The Dalian Intermediate People’s Court in Liaoning province re-tried Robert Lloyd Schellenberg, who had appealed his original 15-year prison sentence, and decided on execution, the report said.
Schellenberg was told in court he had the right to appeal to Liaoning High Court within 10 days upon receiving the ruling.
The ruling, and Trudeau’s reaction, could aggravate already sour relations between Beijing and Ottawa following the arrest of a senior Chinese executive in Canada and China’s subsequent detention of two Canadians, Reuters noted.
“It is of extreme concern to us as a government, as it should be to all our international friends and allies, that China has chosen to begin to arbitrarily apply (the) death penalty … as in this case,” Trudeau told reporters in Ottawa.
Schellenberg’s aunt, Lauri Nelson-Jones, said the family’s worst fears had been confirmed.
“Our thoughts are with Robert at this time. It is rather unimaginable what he must be feeling and thinking,” she said in a statement to Reuters.
“It is a horrific, unfortunate, heartbreaking situation. We anxiously anticipate any news regarding an appeal.”
According to Chinese prosecutors, Schellenberg had conspired with others in an attempt to smuggle 222 kg of methamphetamine from China to Australia in late 2014.
Schellenberg had argued in court that he was a tourist visiting China and that he had been framed by criminals, Chinese media have reported.
The Liaoning High Court in late December ordered the case retried after prosecutors said the sentence was too light and improper.
A lawyer for Schellenberg told Reuters his client would probably appeal against the death sentence.
China-Canada ties turned icy in early December after Meng Wanzhou, chief financial officer of Chinese telecoms giant Huawei Technologies, was arrested in Vancouver on a US extradition warrant.
China warned of unspecified consequences unless Meng was released, and detained Michael Kovrig, a Canadian diplomat on unpaid leave from the embassy in Beijing, and Michael Spavor, a Canadian consultant, on suspicion of endangering state security.
Beijing has not drawn a direct link between the detentions and the arrest of Meng, wanted by US authorities for allegedly misleading multinational banks about Iran-linked transactions.
Western diplomats in Beijing, however, say the cases are a tit-for-tat reprisal.
Earlier on Monday, China’s government dismissed Trudeau’s statement that Kovrig enjoyed some form of diplomatic immunity.

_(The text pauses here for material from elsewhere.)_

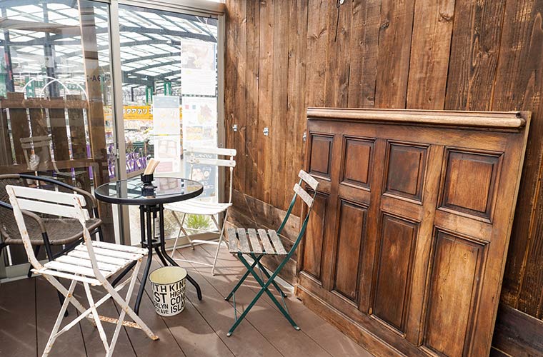 もともとテラスだったこの場所は、自社の大工の協力のもと、スタッフ自らがリノベーション。木材に塗料を塗ったり、岡山県のアンティークショップで家具を買い付けたりと、細部までこだわって空間を作り上げたんだとか。ホームセンターならではの強みを生かしながら完成した、ほっとくつろげる居心地のよいスペースもぜひ利用してみて。

A Chinese foreign ministry spokeswoman said Trudeau should “earnestly study” the Vienna Convention governing diplomatic ties so as to “not become a laughing stock.”
Trudeau said Ottawa “will continue to engage strongly” with Beijing over Kovrig’s status and what he called China’s arbitrary use of justice.
Rights groups condemned the Schellenberg sentence while Guy St-Jacques, who was Canada’s ambassador in Beijing when Kovrig worked there, expressed concern at how quickly the courts had acted.
“The Canadian government will make representations in Beijing, but based on past experience I am not sure whether this will work,” he told Canadian broadcaster CBC. “We are in a very difficult place.”
Canada should immediately call for a top-level meeting of foreign policy and security advisers from the two nations “to impress upon the Chinese side that they have to abide by international law,” St-Jacques said.
William Nee of Amnesty International noted that drug-related offences did not meet the threshold of the “most serious crimes” to which the death penalty must be restricted under international law.